**** Records supplied

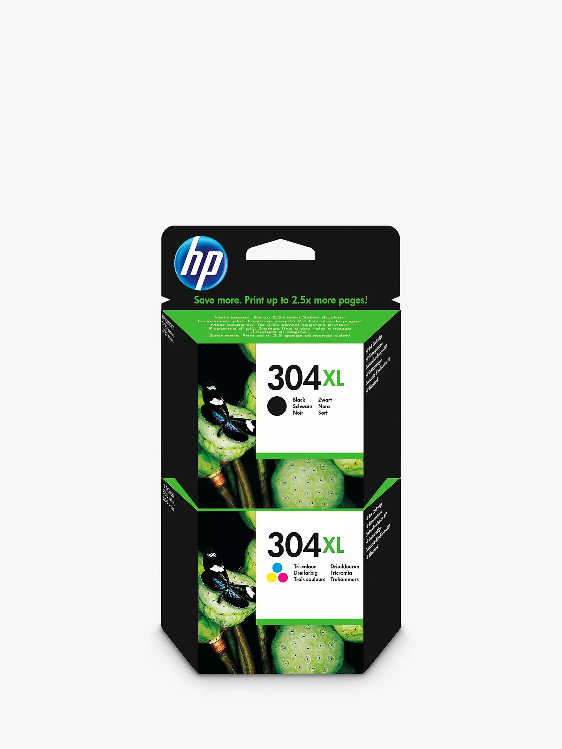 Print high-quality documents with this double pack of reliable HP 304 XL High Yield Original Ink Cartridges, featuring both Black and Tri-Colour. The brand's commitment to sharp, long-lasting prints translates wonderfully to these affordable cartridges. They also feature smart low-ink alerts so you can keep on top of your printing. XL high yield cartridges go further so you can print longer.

********
**** Records supplied

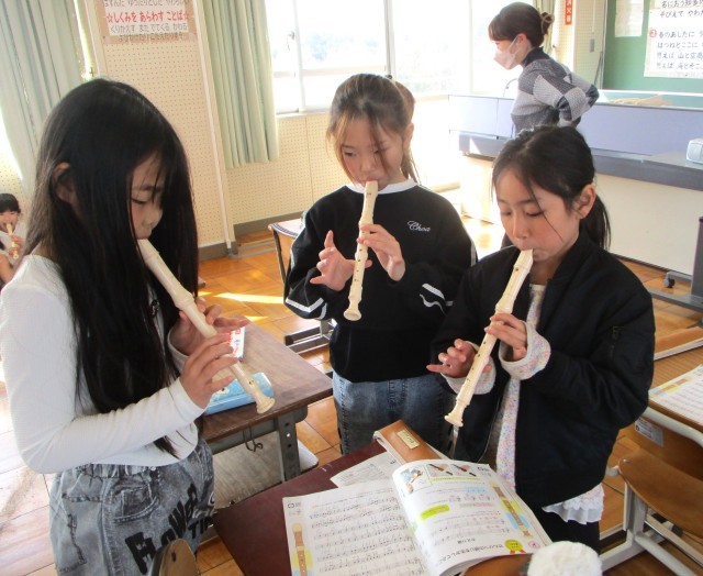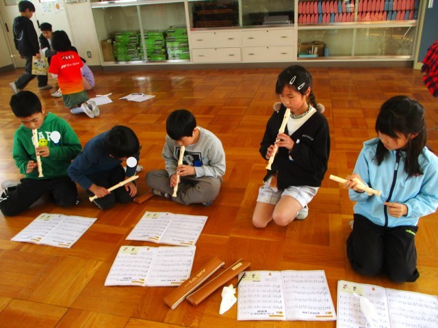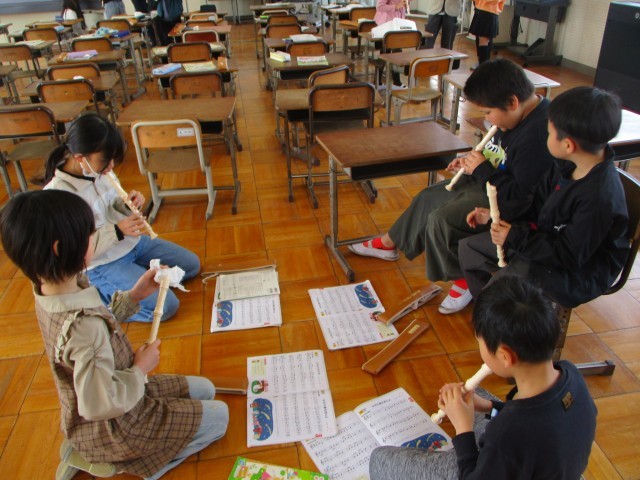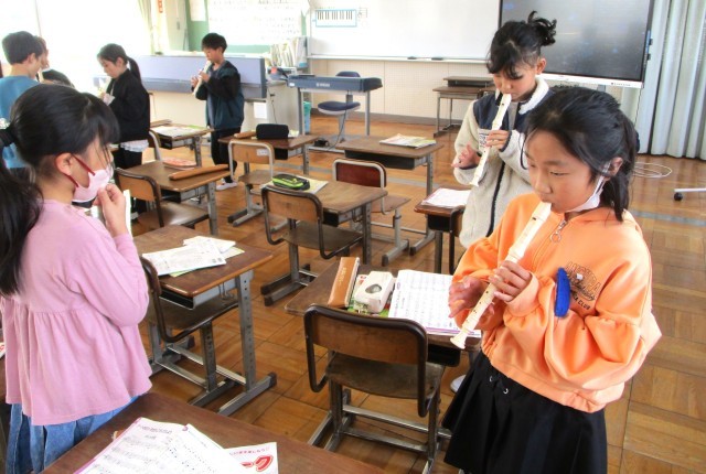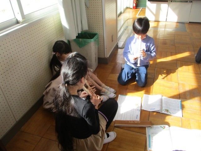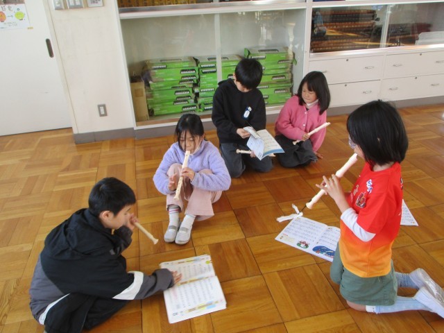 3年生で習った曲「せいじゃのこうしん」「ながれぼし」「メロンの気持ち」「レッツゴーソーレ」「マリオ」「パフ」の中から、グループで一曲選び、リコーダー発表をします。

********
**** Records supplied

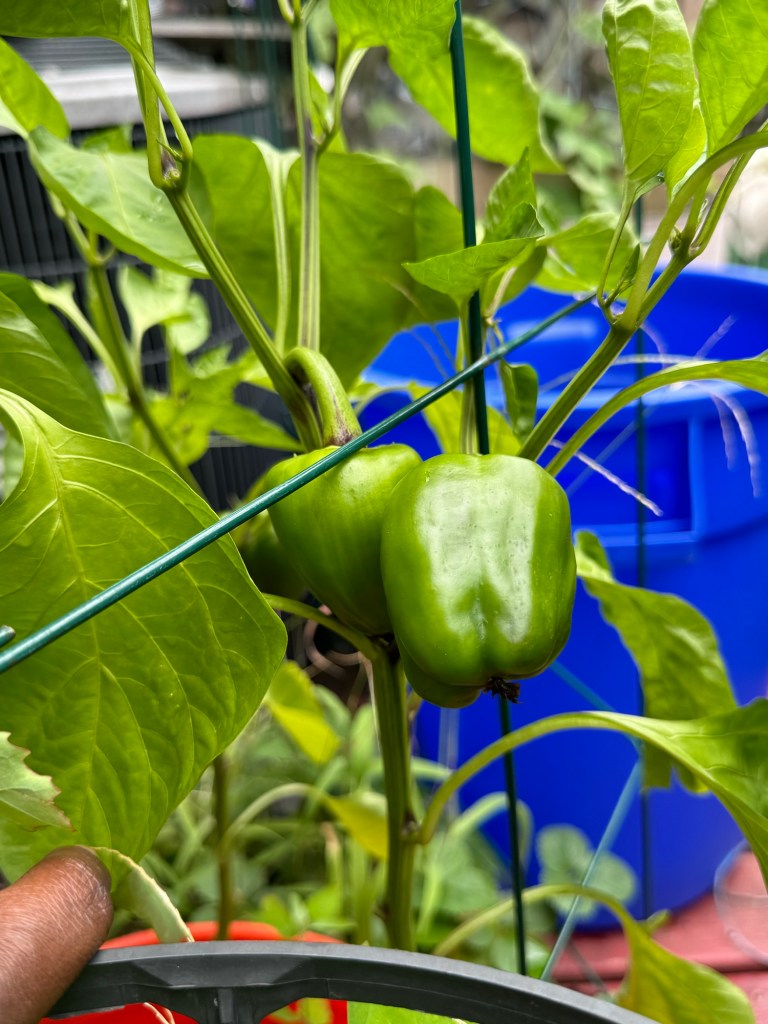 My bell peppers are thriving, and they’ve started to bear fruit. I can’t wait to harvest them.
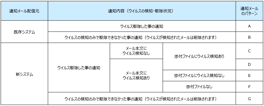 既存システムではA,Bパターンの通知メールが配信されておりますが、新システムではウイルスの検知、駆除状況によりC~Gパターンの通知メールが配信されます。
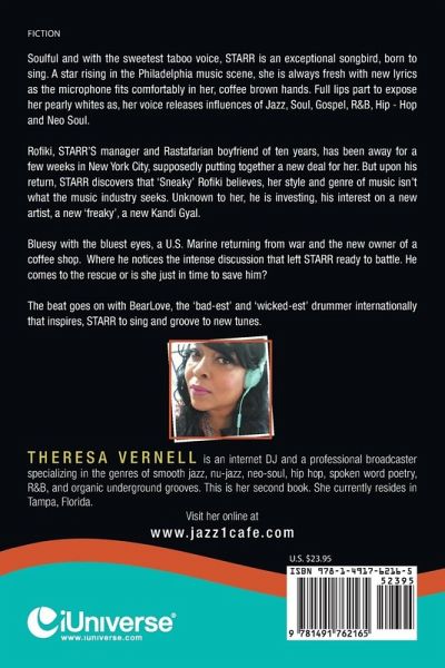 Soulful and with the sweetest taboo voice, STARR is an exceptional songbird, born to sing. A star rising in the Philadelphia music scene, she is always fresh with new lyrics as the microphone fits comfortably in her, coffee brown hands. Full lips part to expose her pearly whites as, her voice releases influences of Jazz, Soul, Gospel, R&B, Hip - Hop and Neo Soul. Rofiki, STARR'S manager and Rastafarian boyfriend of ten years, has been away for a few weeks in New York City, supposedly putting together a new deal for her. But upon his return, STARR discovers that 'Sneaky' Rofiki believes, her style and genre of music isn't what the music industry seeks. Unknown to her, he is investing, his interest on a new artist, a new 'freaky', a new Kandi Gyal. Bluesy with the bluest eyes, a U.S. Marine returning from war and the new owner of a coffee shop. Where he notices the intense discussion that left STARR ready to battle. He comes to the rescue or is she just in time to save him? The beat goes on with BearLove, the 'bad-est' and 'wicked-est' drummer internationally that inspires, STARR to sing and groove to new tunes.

********

— Action item —
Look above for the line holding "My bell peppers" and output everything from it down to the line holding "既存システムではA,Bパター", both ends included, exactly and without images.

— Written response —
 My bell peppers are thriving, and they’ve started to bear fruit. I can’t wait to harvest them.
 既存システムではA,Bパターンの通知メールが配信されておりますが、新システムではウイルスの検知、駆除状況によりC~Gパターンの通知メールが配信されます。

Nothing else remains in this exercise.